Bij de Tweede Kamerverkiezingen van afgelopen maart bracht ruim 28 procent van de kiezers een voorkeurstem uit: een record. Dit is in lijn met een stijgende trend van het percentage uitgebrachte voorkeurstemmen die zichtbaar is sinds de jaren ‘80 (zie figuur 1). Maar welke conclusies kunnen we hieraan verbinden? In deze bijdrage ga ik wat dieper in op de uitslag van de verkiezingen en geef ik een overzicht van vier belangrijke observaties. Een record, maar…
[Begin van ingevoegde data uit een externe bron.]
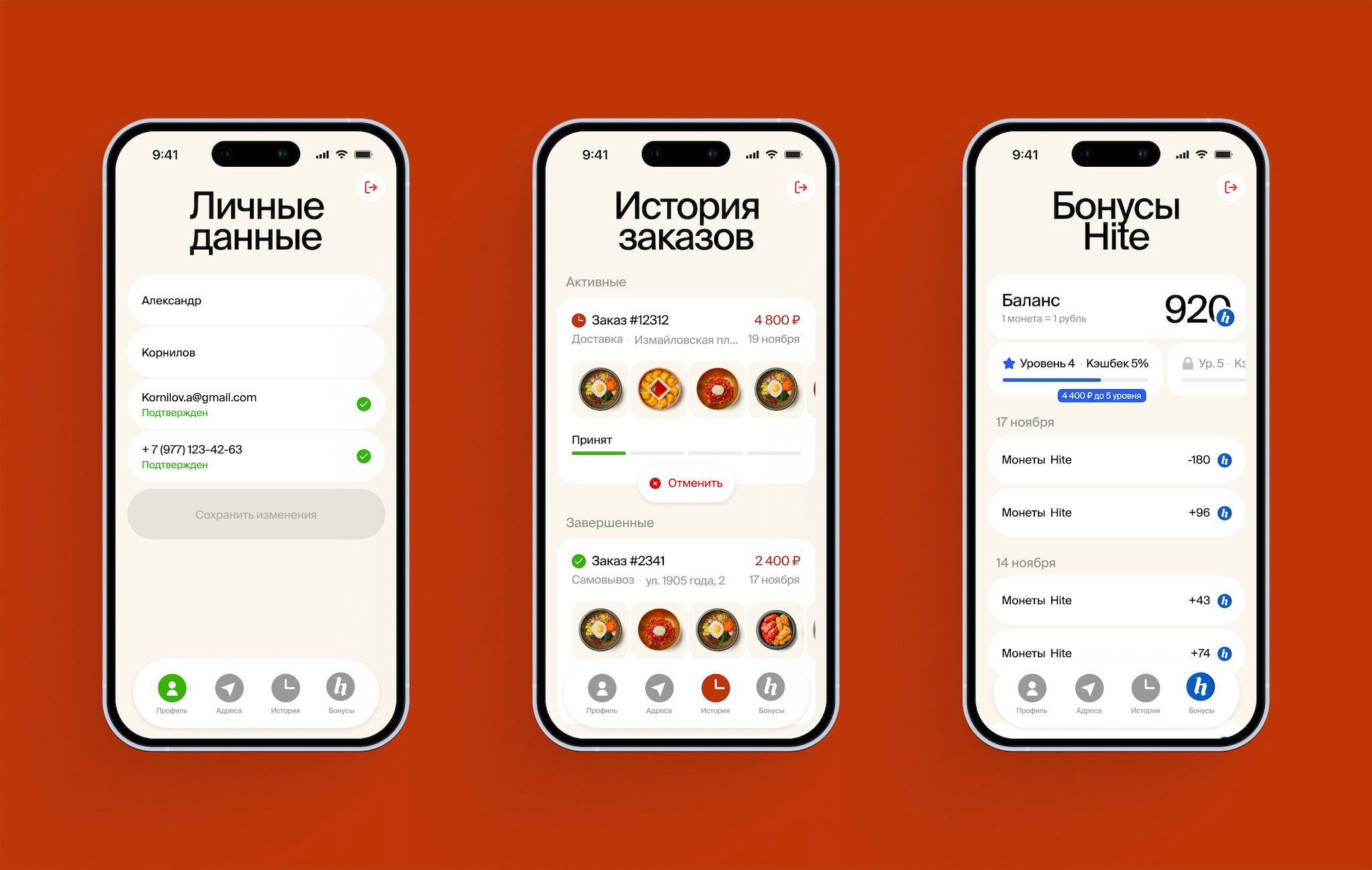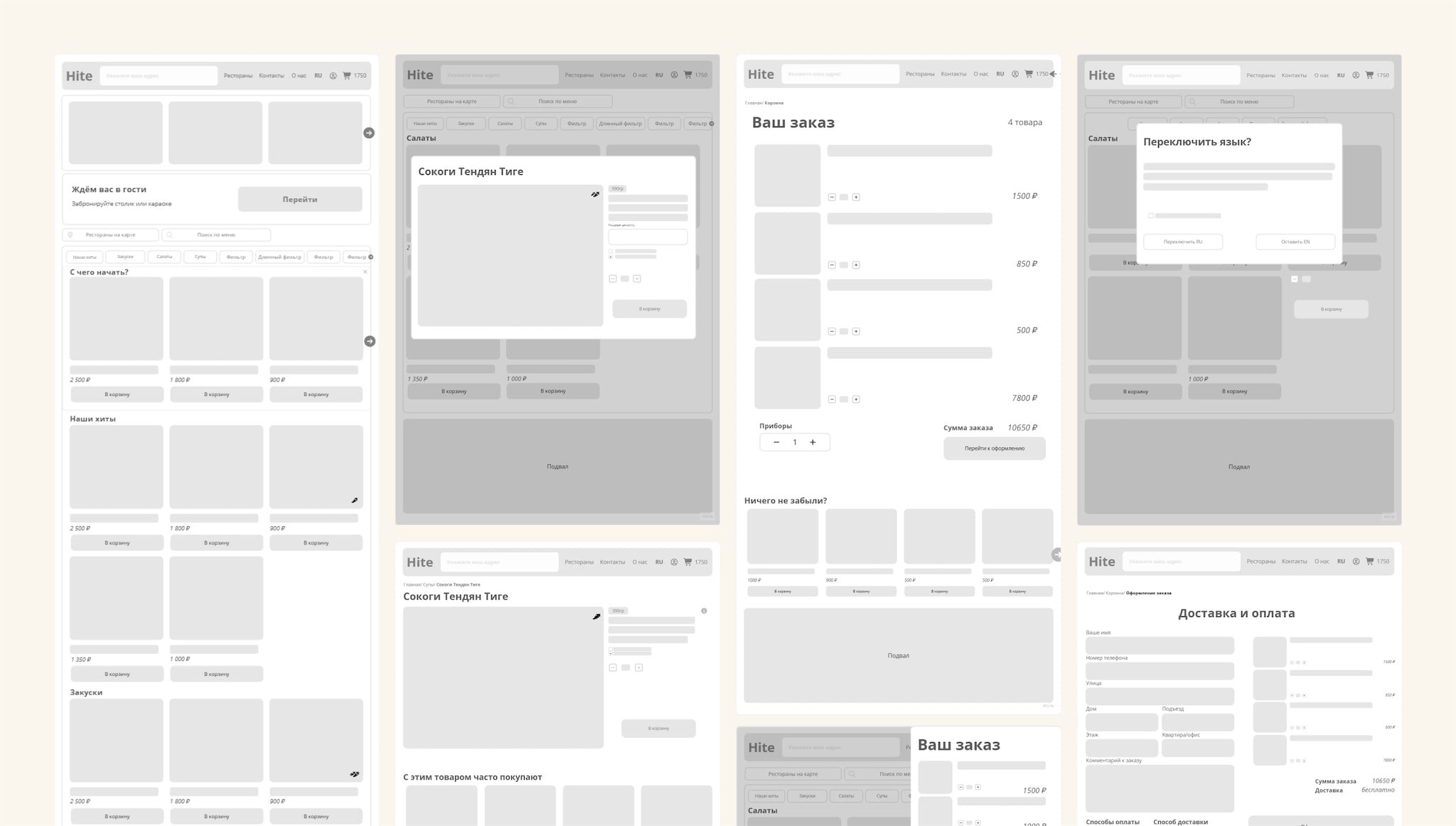 Помимо удобства заказа необходимо было обновить дизайн сайта, сделать его легким, современным и созвучным ценностям HiteBBQ. Он должен передавать атмосферу домашнего уюта, тепла, но при этом подчеркивать премиальный уровень заведения.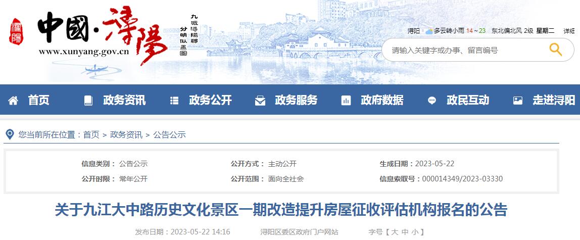 昨日,中國潯陽網正式發(fā)布《關于九江大中路歷史文化景區(qū)一期改造提升房屋征收評估機構報名的公告》,詳情如下: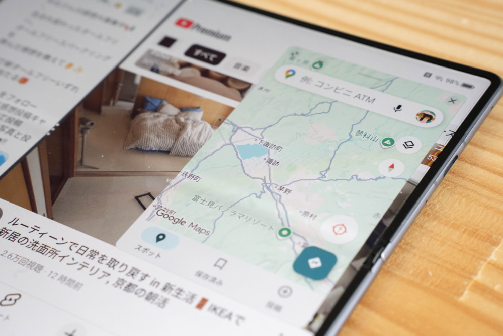 もちろん2つのアプリの同時表示にも対応します。ゲームをしながらSNSを見る、ブラウジングしながらマップを見る、などなど複数の動作を同時におこなうことができます。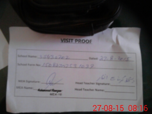 | Attendance Register | Head Teacher | MEA with School | Visit Proof |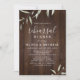 Folhas botânicas de cor aquática modernas sobre fundo de madeira de casca escura, com roteiro e texto modernos, cartões de janto simples e elegantes para o casamento botânico no outono e no inverno. Veja todas as peças correspondentes na coleção.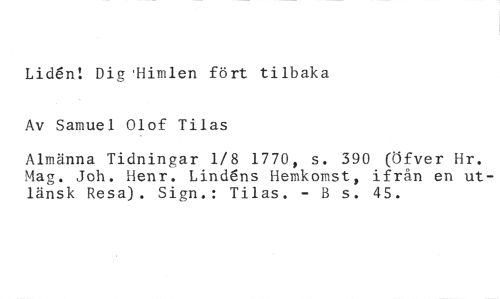 Lid6n! Dig .Himlen fört tilbaka Av Samuel Olof Tilas //// Almänna Tidningar 1/8 1770, s. 390 (Öfver Hr. Mag. Joh. Henr. Lind6ns Hemkomst, ifrån en utlänsk Resa). Sign.: Tilas. - B s. 45.
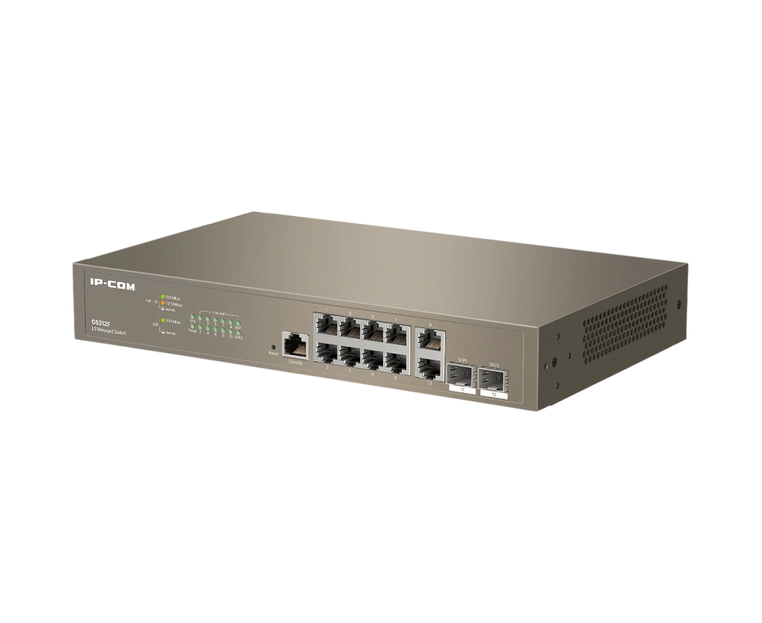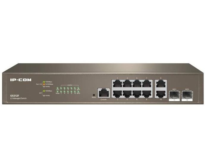 Коммутатор управляемый L3 IP-COM G5312F 12 портов, 10х1 Гбит/с, Base-X SFP 2х1 Гбит/с, настольный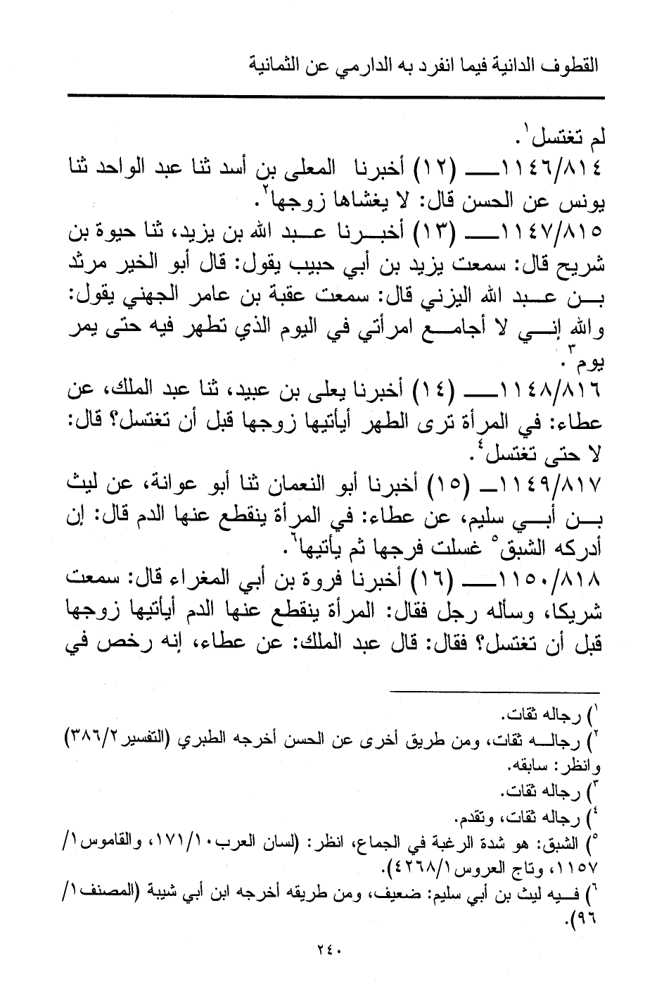 815/ 1147 - (13) أخبرنا عبد الله بن يزيد، ثنا حيوة بن شريح قال: سمعت يزيد بن أبي حبيب يقول: قال أبو الخير مرثد بن عبد الله اليزني قال: سمعت عقبة بن عامر الجهني يقول: والله إني لا أجامع امرأتي في اليوم الذي تطهر فيه حتى يمر يوم (¬3).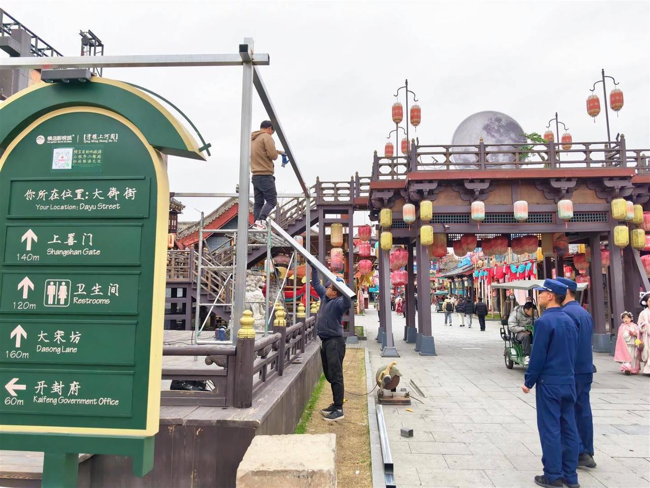 在大宋坊旁边的一个戏台上,两名消防员发现一个电焊工正在台上切割钢管,而另一人在钢架顶上焊接钢管,电焊处火星四溅。保机老也当即走过去,询问两人是否有电焊证,在检查了相关证件后,他又耐心地提醒两名工人,要及时清理下面的堆积物,避免电焊带来的风险。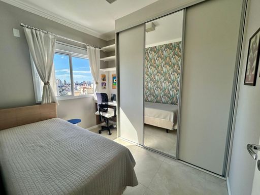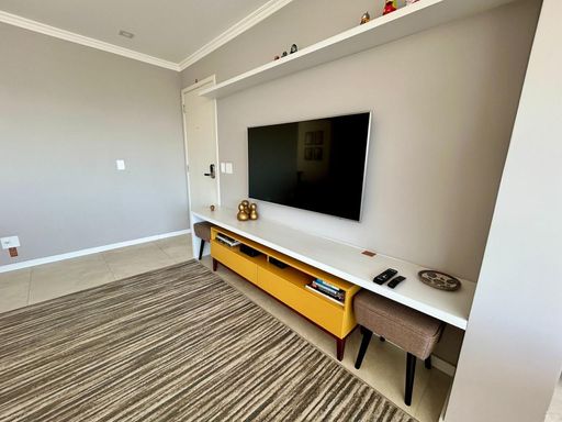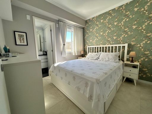 Apartamento em andar alto, com vista livre, face norte e excelente incidência de luz natural, proporcionando ambientes bem iluminados e arejados ao longo do dia. Possui ar-condicionado na sala e dormitórios, além de armários planejados em todos os ambientes.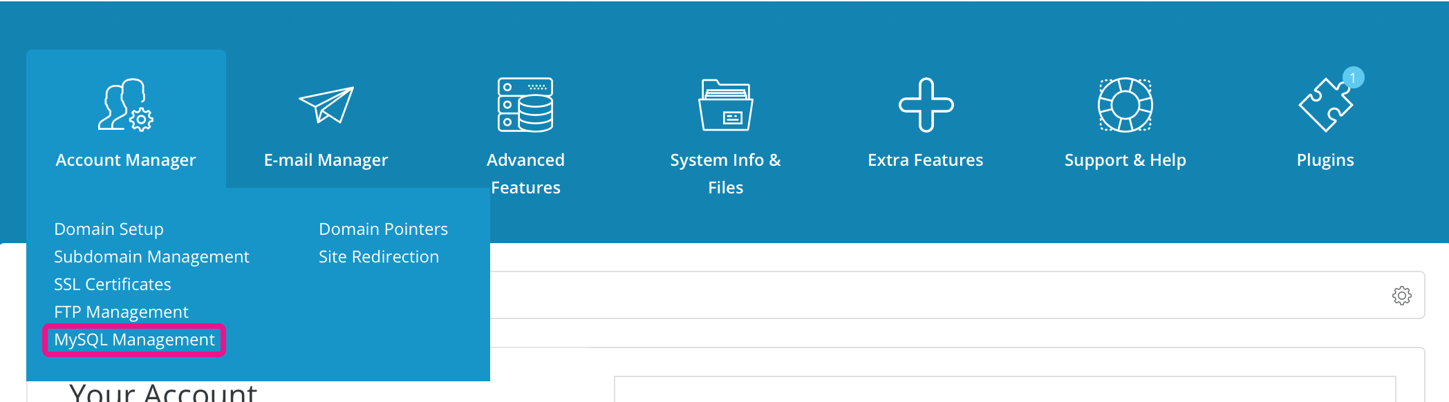 To create a database, go to the hosting panel and select 'MySQL Management' from the 'Account Manager' section.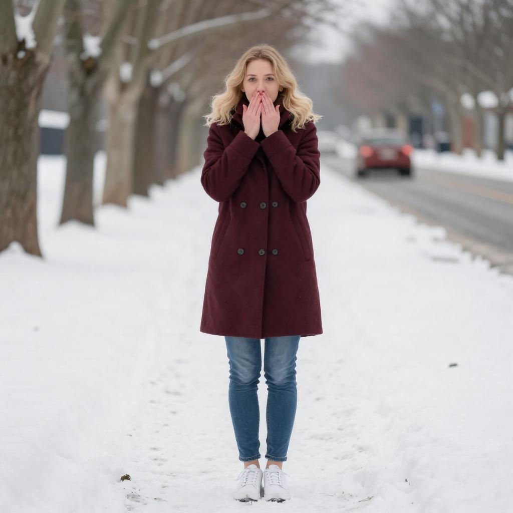 Photograph of a blonde woman standing on a snowy, tree-lined road. She wears a maroon coat, blue jeans, and gray gloves, with her hands covering her mouth in a surprised expression. Snow-covered ground and trees in the background. Bright daylight illuminates the scene.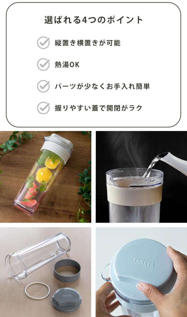 | パーツ別耐熱温度 | 本体:100度、蓋・スリーブ:120度、パッキン:140度 |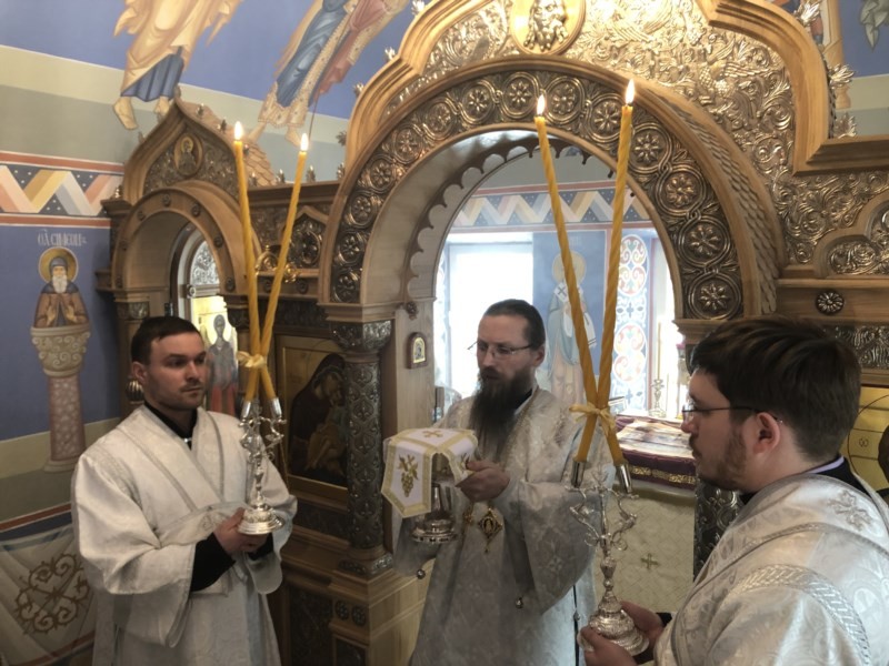 В богослужении участвовали наместник Свято-Троицкого мужского монастыря архимандрит Василий (Паскье) и казначей обители игумен Тихон (Першев).

1. Er zijn grote verschillen tussen politieke partijen
De verschillen tussen het aantal uitgebrachte voorkeurstemmen per (gekozen) politieke partij zijn groot (zie tabel 1). Bij maar liefst drie partijen stemde meer dan de helft van de kiezers op een andere kandidaat dan de lijsttrekker: het CDA, Forum voor Democratie en GroenLinks. Bij die eerste twee is dat grotendeels te verklaren door twee andere populaire kandidaten: de veelbesproken Pieter Omtzigt bij het CDA en Wybren van Haga bij Forum. Deze twee kandidaten waren samen al zo ongeveer goed voor een vijfde deel van alle uitgebrachte voorkeurstemmen. Vooral het hoog aantal voorkeurstemmen bij Forum voor Democratie is opvallend, omdat uit eerder onderzoek juist naar voren kwam dat bij populistische partijen juist minder voorkeurstemmen worden uitgebracht. Bij GroenLinks is het hoog aantal voorkeurstemmen juist te verklaren door een specifieke groep kandidaten: daar zijn het vooral vrouwelijke kandidaten die stemmen naar zich toe weten te trekken (zie ook punt 2). Aan de andere kant van het spectrum bevinden zich de VVD, PVV en SGP, waar maar ongeveer 1 op de 10 kiezers een voorkeurstem uitbracht.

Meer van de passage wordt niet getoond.